Sturman (1988) menyatakan bahwa taurin merupakan asam amino yang ditemukan dalam bentuk bebas. Taurin tidak membentuk protein, tetapi sebagian

y-glutamin-taurin yang disinteses dalam otak dan jaringan paratiroid. Menurut Martinez et al. (2004), taurin merupakan turunan dari metionin dan

sistein serta tidak termasuk ke dalam sepuluh asam amino esensial.

Taurin disintesis dari asam amino esensial metionin melalui sistein. Konversi metionin menjadi sistein dan selanjutnya menjadi taurin membutuhkan vitamin B6. Kekurangan asam amino metionin, sistein, dan vitamin B6 dapat menyebabkan kekurangan taurin dalam tubuh (Yulfitrin 2003). Chesney (1988) menyatakan tahapan reaksi sintesis taurin bervariasi berdasarkan spesies dan tipe jaringannya.

Taurin dibentuk oleh tubuh di dalam hati yang diikuti dengan reaksi okidasi dari dekarboksilasi asam amino sistein (Marsh dan May 2009). Skema pembentukan taurin pada hati dapat dilihat pada Gambar 5.

Gambar 5 Skema pembentukan taurin pada hati (Moss 1992).

Pada umumnya, taurin dapat ditemukan dalam beberapa organ tubuh manusia, mamalia, dan hewan laut. Kandungan taurin pada beberapa produk perikanan dan peternakan dapat dilihat pada Tabel 5.

Tabel 5 Kandungan taurin pada produk perikanan dan peternakan

Produk perikanan (mg/100g) Oyster 1178 Gurita 871 Cumi-cumi Jepang 364 Hati sapi 45 Skipjack 3

Menurut Huxtable (1992), taurin mengandung gugus sulfur yang ditemukan di dalam ruang antar sel di otak, retina, ginjal, jantung, dan otot hewan bertulang belakang yang berperan sebagai senyawa organik endogeneus pembawa sinyal di antara neuron (neurotransmitter) di dalam jaringan pusat. Menurut Kim et al. (2003), taurin merupakan senyawa yang mempengaruhi proses osmosis (osmoyte organic) yang penting dalam otak dan ginjal serta memiliki kontribusi yang penting dalam pengaturan volume sel, khususnya pada pengaturan tekanan hipoosmotik dan hiperosmotik yang penting dalam perkembangan sistem saraf pusat dan retina.

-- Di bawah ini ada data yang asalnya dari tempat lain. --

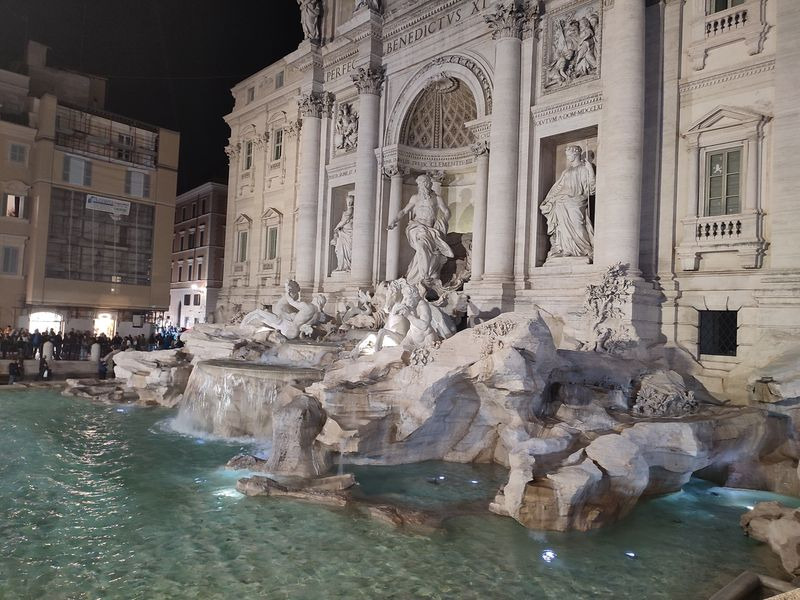 Danach sind wir gleich weiter zu einer Stadtführung bei Nacht gegangen, bei der uns innerhalb von zwei Stunden die wichtigsten Monumente in Rom gezeigt wurden. Zu Beginn der Führung haben wir uns die Spanische Treppe bei Nacht angeschaut. Weiter ging es für uns zum Trevi-Brunnen, der uns mit seiner Größe extrem beeindruckt hat. Auch das Gemälde von Michelangelo hat uns in der Kirche sehr beeindruckt.
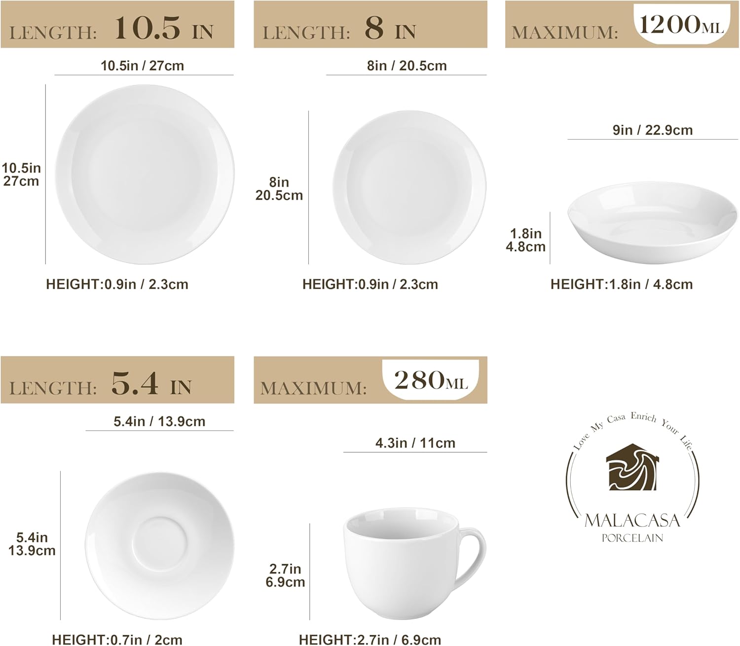 • 【WHAT'S IN THE BOX】MALACASA 30-Piece Porcelain Dinnerware Sets for 6 - Includes 10.5'' Dinner Plates, 8'' Dessert Plates, 40 oz Soup Plates and 9 oz Coffee Mugs and 5.4'' Saucers.
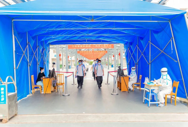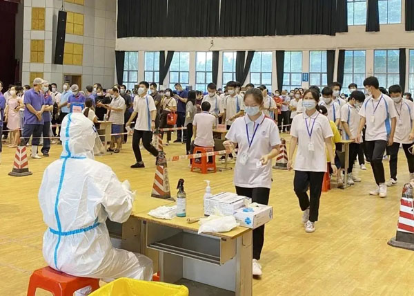 护航高考,他们在行动。5月31日及6月3日,广州医科大学附属顺德医院(乐从医院)派出经验丰富的医护人员,为乐从中学高三考生及教职工高效有序地完成核酸采样工作。
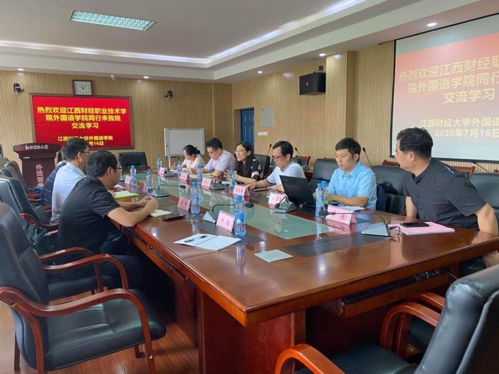 7月16日,外国语学院负责人带领学院党政办公室主任、各教研室主任一行五人前往江西财经大学外国语学院进行学习交流。江西财经大学外国语学院院长张曦凤教授、副院长张善军教授、商务英语系主任肖锐博士、副主任王力媛博士以及大学英语一部主任杜景平博士、实训中心主任常进老师给予了热情接待与交流。
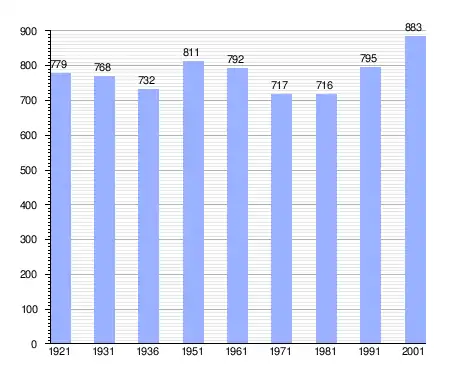 Gráfica de evolución demográfica de Glorenza entre 1921 y 2001 |
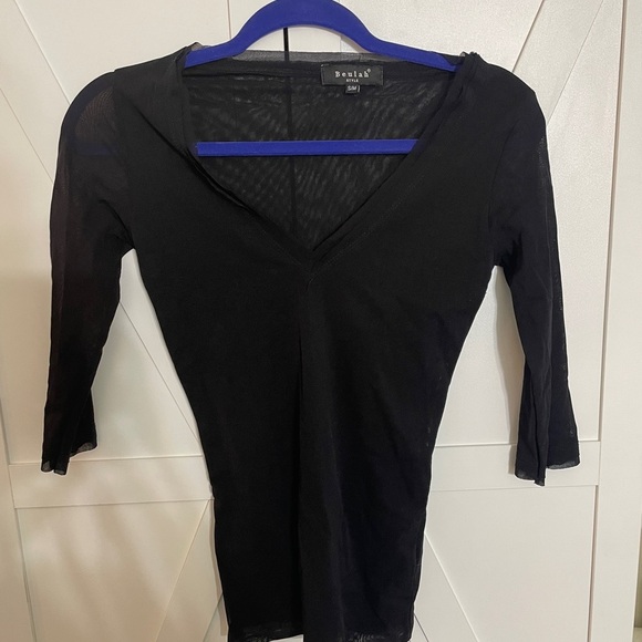 Chic black mesh blouse with a flattering V-neck. Perfect for versatile styling.
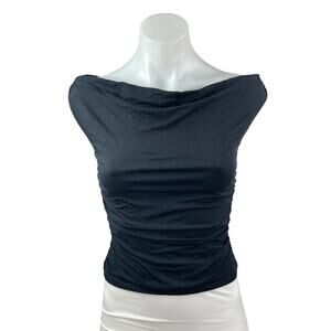 Abercrombie & Fitch Women's Black Cowl Neck Short Sleeve Ruched Crop Top Size XS
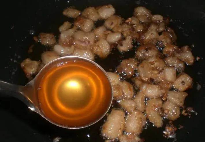 就是先加點油,再放入豬板油,有了油的潤滑,豬板油不容易糊,而且出油快。缺點是熬出來的豬油顏色發黃,因為摻雜了其它的油導致的。
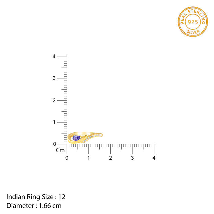 This gold plated ring for women features a pear cut blue coloured zircon as the centrepiece. An asymmetric band with a subtle twist, with one side studded with zircons, adds a touch of elegance.
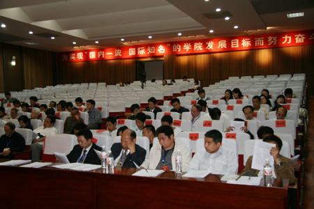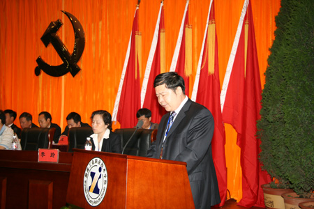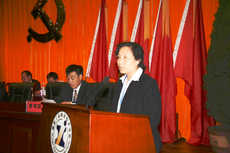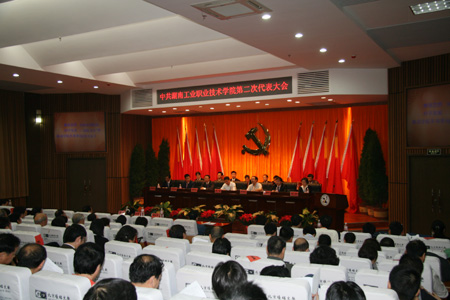 廖洪元同志代表第一届党委会向大会作了题为《解放思想 改革创新 科学发展 建设示范 为实现“国内一流 国际知名”的学院发展目标而努力奋斗》的工作报告。报告共分三个部分。报告的第一部分回顾和总结五年来党委工作所取得的成绩,主要是:坚持科学发展观,党建和思想政治工作成绩斐然;准确定位,正确决策,学院实现大发展;团结奋进,民心归一,和谐校园建设开创新局面。五年来的工作积累了宝贵的经验:第一,坚持发挥党委的核心领导作用,是学院各项事业不断前进的根本保证;第二,坚持科学发展观,把发展作为解决一切矛盾和困难的根本,是学院各项事业不断前进的关键所在;第三,坚持解放思想和改革创新,是学院各项事业不断前进的不竭动力;第四,坚持弘扬工院精神,紧紧依靠广大师生员工,是学院各项事业不断前进的力量源泉。报告的第二部分深刻分析了学院面临的形势。今后四年,是学院学习实践科学发展观、大力提升核心竞争力的四年,也学院是承上启下、加快发展的四年。当前,国际金融危机进一步深化,国内经济形势也出现了不少新情况新问题。另外,虽然我们的改革发展取得了显著成绩,但和很多国家示范性高职学院相比,我们还缺乏强劲的竞争力,这些,都让我们压力更大,责任更重。报告指出学院今后四年的总体目标是:高举中国特色社会主义伟大旗帜,全面贯彻党的十七大精神,深入学习实践科学发展观,围绕国家示范性高职院校建设,以“提升内涵、强化特色”为主旨,以队伍建设为抓手,进一步深化工学结合人才培养模式改革,进一步提升学院的核心竞争力,加强和创新党的建设,努力将学院建设成为“国内一流、国际知名”的国家示范性高职学院。最后,报告明确要求,要以改革创新的精神加强和改进党建和思想政治工作。一是加强思想建设,提高党员干部思想政治素质;二是加强领导班子和干部队伍建设,提高领导学院科学发展的能力;三是加强组织建设,增强基层党组织的战斗堡垒作用和党员的先锋模范作用;四是加强民主建设,促进学院民主管理;五是加强党风廉政建设,完善惩防结合的反腐倡廉长效机制;六是加强和改进思想政治工作,为学院发展营造良好氛围。
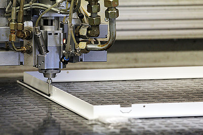Das maschinelle Dichtschäumen von Türelementen, Verkleidung oder Gehäusen mit unserer CNC-gesteuerter Polyurethanschäumanlage senken den logistischen Aufwand und somit Ihre Fertigungskosten.
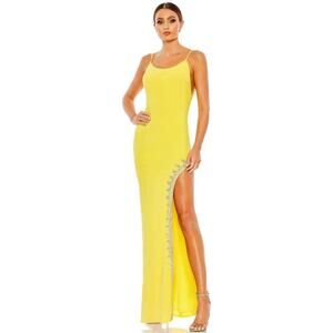 Mac Duggal 42002 Yellow Scoop Neck Beaded Slit Prom Dress Size 4
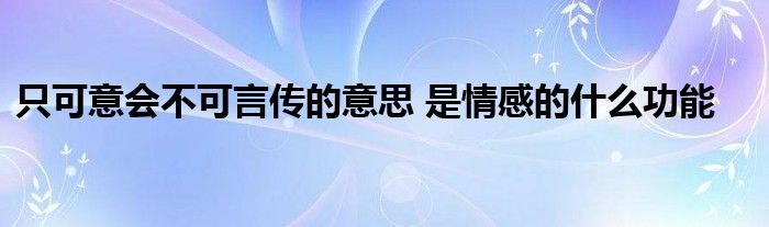 关于只可意会不可言传的意思 是情感的什么功能这个很多人还不知道,今天菲菲来为大家解答以上的问题,现在让我们一起来看看吧!
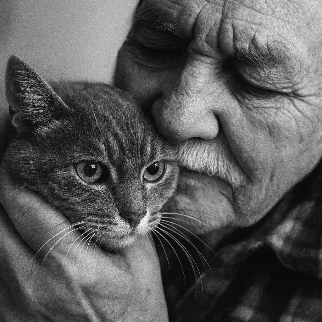 Она опустилась рядом, и коты немного подвинулись. Взяла его руки — уже холодеющие — стараясь согреть их своим теплом. Коты перебрались и к ней. Один осторожно слизнул слёзы с её щеки.

Taurin memiliki beberapa fungsi, salah satunya adalah berperan dalam fungsi retina dan fungsi kognitif (Siswono 2001). Taurin juga berperan dalam penyerapan lemak dan vitamin, memelihara stabilitas membran sel dan mencegah aktivitas yang berlebihan dari sel otak (Labs 2005). Pada dasarnya, taurin memiliki fungsi untuk memfasilitasi lintasan ion-ion natrium, kalium, kalsium dan magnesium saat masuk dan keluar sel dan menstabilkan membran sel secara elektris (Russheim 2000). Secara klinis, taurin telah digunakan dalam perlakuan pada berbagai kondisi, diantaranya pada penyakit kardiovaskular, epilepsi, alzheimer dan gangguan pada jantung (Birdsall 1998).